Bereits am Donnerstag soll der Bundestag nach dem Willen der Bundesregierung über das neue Griechenland-Paket abstimmen. SPD-Fraktionschef Frank-Walter Steinmeier reagierte verärgert und warf Schwarz-Gelb wegen des Eiltempos mangelnden Respekt vor dem Parlament vor. SPD-Kanzlerkandidat Peer Steinbrück fügte hinzu, die entscheidende Frage sei, ob es zu einem Schuldenschnitt in den nächsten Jahren komme und wie sich der Internationale Währungsfonds (IWF) verhalte. „Die Stunde der Wahrheit, für die wir wirklich plädieren“, stehe nach wie vor aus. Aus der Unionsfraktion hieß es am Abend, man wolle am Donnerstag abstimmen, sei aber auch bereit, der Opposition entgegenzukommen und auf den Freitag zu gehen.

Auch die Grünen zeigten sich verschnupft. Fraktionschefin Renate Künast forderte Bundeskanzlerin Angela Merkel (CDU) auf, endlich die ganze Wahrheit über die Rettung Griechenlands zu sagen. Auch müsse man davon ausgehen, dass es „eines Tages“ einen Schuldenschnitt der Geberländer geben werde. Die Linke im Bundestag, die die Griechenland-Beschlüsse kategorisch ablehnt, prophezeite einen Schuldenschnitt für das krisengeschüttelte Euro-Land nach der Bundestagswahl 2013.

Lob und Tadel aus der Wirtschaft

Unterschiedlich bewertete die Wirtschaft das neue Hilfspaket. Die beschlossene Mischung aus Verlängerungen von Kreditlaufzeiten, niedrigen Zinsen und Stundungen sei „das angemessene Signal Europas und des IWF an Griechenland“, erklärte der Deutsche Industrie- und Handelskammertag (DIHK). Für den Außenhandelsverband BGA kann nur ein Schuldenschnitt der öffentlichen Hand die Wettbewerbsfähigkeit Griechenlands wieder herzustellen. Der richtige Zeitpunkt wäre nach den Wahlen in Italien und Deutschland im Jahr 2014, sagte BGA-Präsident Anton Börner dem „Handelsblatt“ (Mittwochausgabe).

Der CDU-Wirtschaftsrat lehnte die Brüssler Einigung rundweg ab.
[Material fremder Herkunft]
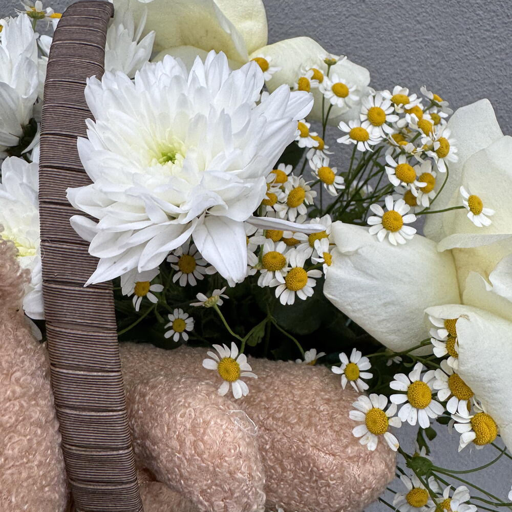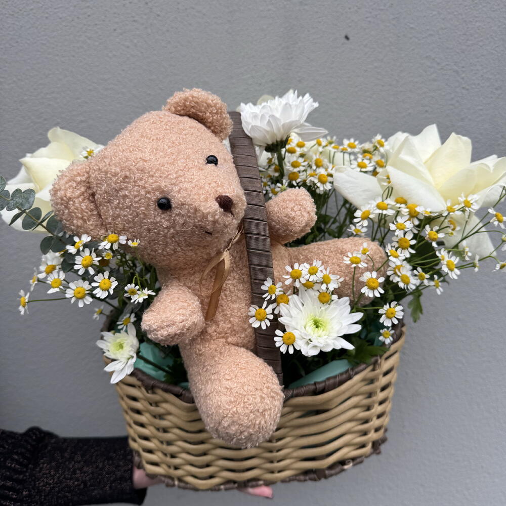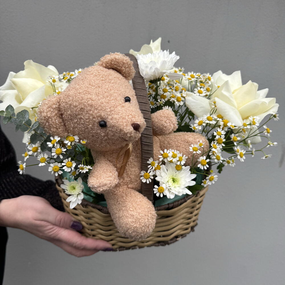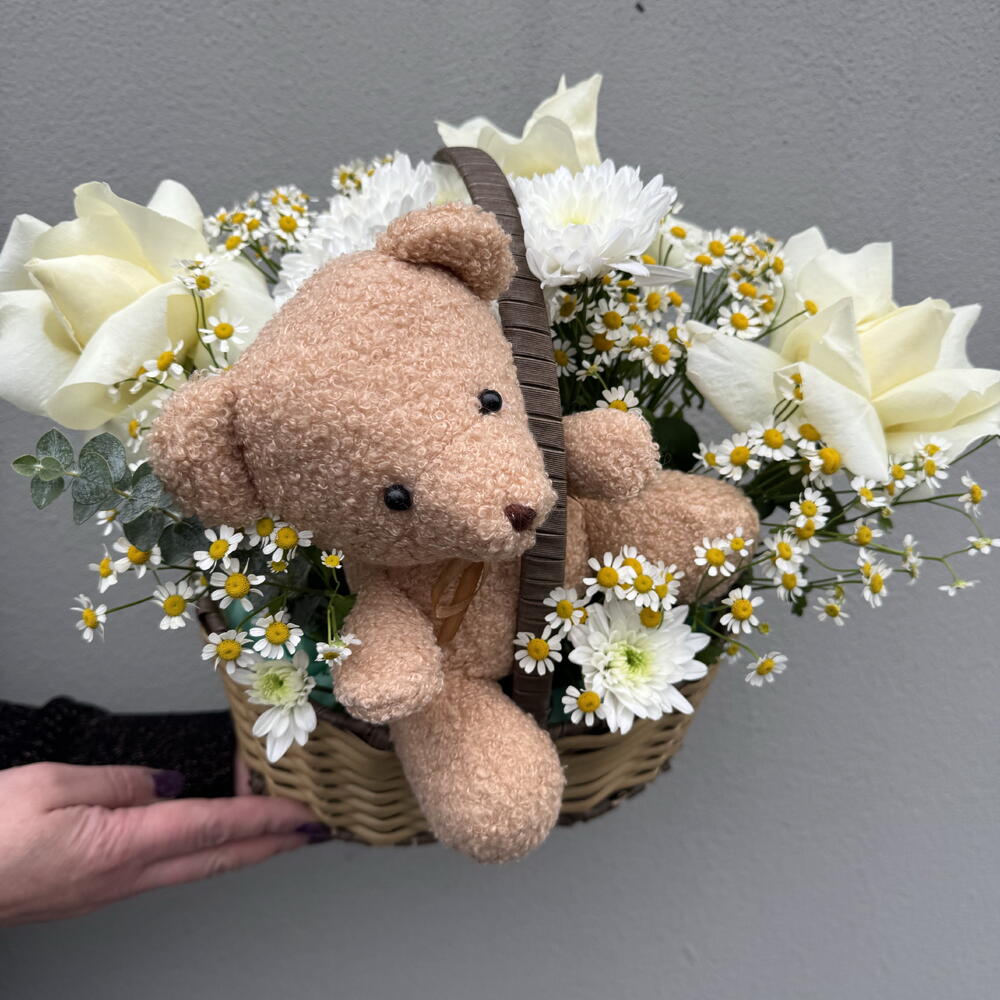 Chrysanthemum - 1 pcs Bear - 1 pcs chamomile - 5 pcs prantsusse roses - 3 pcs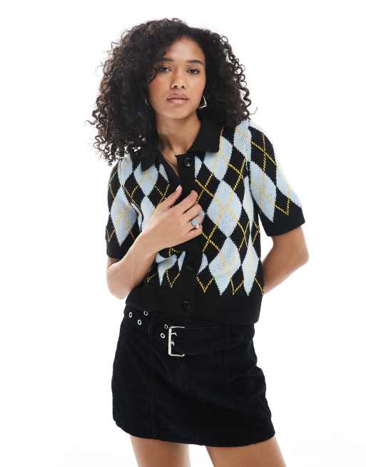 Vero Moda – Kardigan z krótkim rękawem i kołnierzykiem polo we wzór w niebieskie romby

Sie sei nichts anderes als eine „politische Insolvenzverschleppung“, sagte Verbandspräsident Kurt Lauk. Griechenland sei seit mehr als zwei Jahren nicht mehr in der Lage, sich selbst am Kapitalmarkt zu refinanzieren. „Daran haben auch der erste Schuldenschnitt und zwei Rettungspakete der Euro-Staaten und des IWF über 240 Milliarden Euro nichts geändert“, betonte er.

Die Bundesregierung widersprach energisch. „Die Entscheidung ist ein positives Signal für die Stabilisierung der gesamten Eurozone“, erklärte Bundeswirtschaftsminister Philipp Rösler (FDP). Außenminister Guido Westerwelle (FDP) warnte unterdessen davor, aus der Solidarität in Europa auszusteigen und damit die Währungsunion infrage zu stellen. „Wenn wir Europa an einer Stelle rückabwickeln wollen, dürfen wir nicht glauben, dass andere unberührt bleiben“, sagte er mit Blick auf Reise- oder Niederlassungsfreiheit. geschehen soll.